From the Guidelines
Guillain-Barré syndrome (GBS) should be treated with intravenous immunoglobulin (0.4 g/kg for 5 days) or plasma exchange (usually five sessions at 200–250 ml/kg) as soon as possible, as these are proven and equally effective treatments for GBS 1.
Treatment Overview
The management of GBS requires a multidisciplinary approach, including supportive medical care and immunotherapy.
- Intravenous immunoglobulin is considered the first choice of treatment as it is easy to administer, widely available, and associated with a reduced frequency of adverse effects compared with plasma exchange 1.
- Plasma exchange is less costly than intravenous immunoglobulin and could theoretically be a preferred treatment option for GBS in low-income and middle-income countries (LMIC) 1.
Outcome and Prognosis
The mortality rate for GBS is 2–10% worldwide, although disparities are evident between regions, with higher mortality rates reported in LMIC 1.
- Admission to the ICU is recommended for patients with GBS who have imminent respiratory insufficiency, severe autonomic dysfunction, or rapidly progressive weakness 1.
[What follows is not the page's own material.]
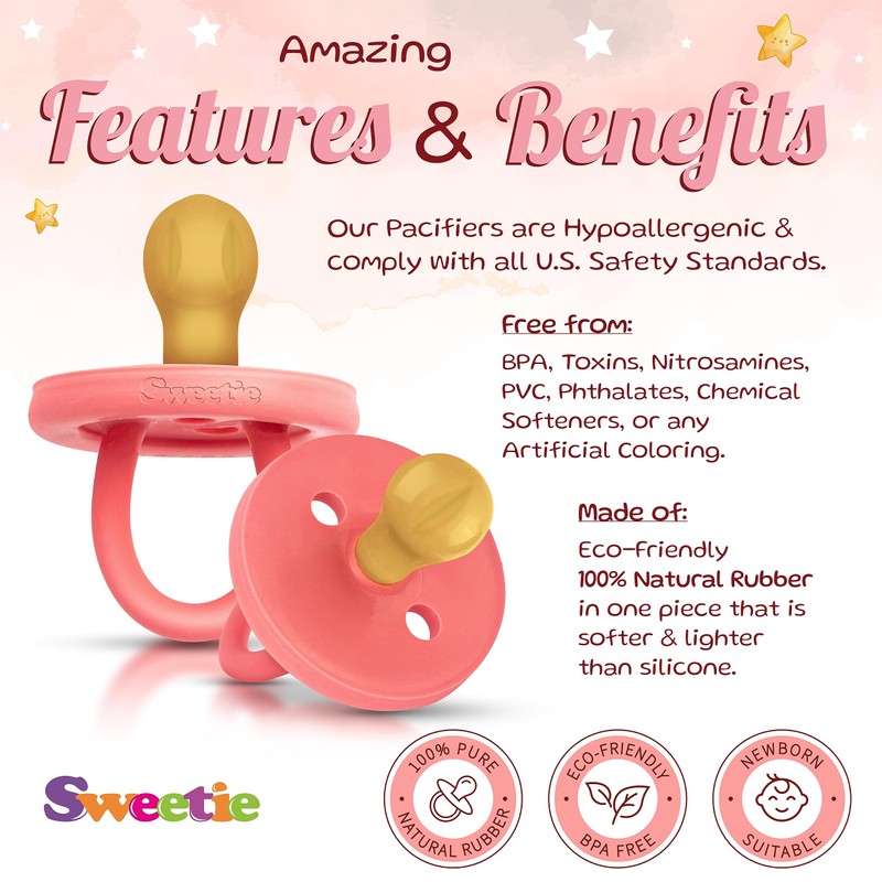 - ✅ 100% pure natural rubber pacifier Soft and natural Rounded nipple

- The Erasmus GBS Respiratory Insufficiency Score (EGRIS) and the Erasmus GBS Outcome Score (EGOS) can be used to predict the risk of requiring mechanical ventilation and outcomes in patients with GBS, although these tools may need to be validated or adapted for use in LMIC 1.
Supportive Care
Supportive care is crucial, including:
- Respiratory monitoring
- Prevention of complications like blood clots and pressure ulcers
- Pain management with gabapentin or carbamazepine
- Physical therapy to prevent contractures and maintain muscle strength 1.
Special Considerations
In LMIC, the lack of access to ICU services, immunotherapy, and integrative rehabilitation services can adversely affect recovery and long-term quality of life of patients with GBS 1.
- Small volume plasma exchange (SVPE) is a novel, relatively low-cost technique that has been shown to be a safe and feasible treatment for GBS in resource-limited settings, although large-scale studies are required to confirm its efficacy 1.
From the Research
Definition and Symptoms of Guillain-Barré Syndrome
- Guillain-Barré syndrome (GBS) is a neuropathic condition that leads to the rapid development of impairments and is characterized by weakness and numbness or tingling sensation in the legs and arms and sometimes loss of movement and feeling in the legs, arms, upper body, and face 2.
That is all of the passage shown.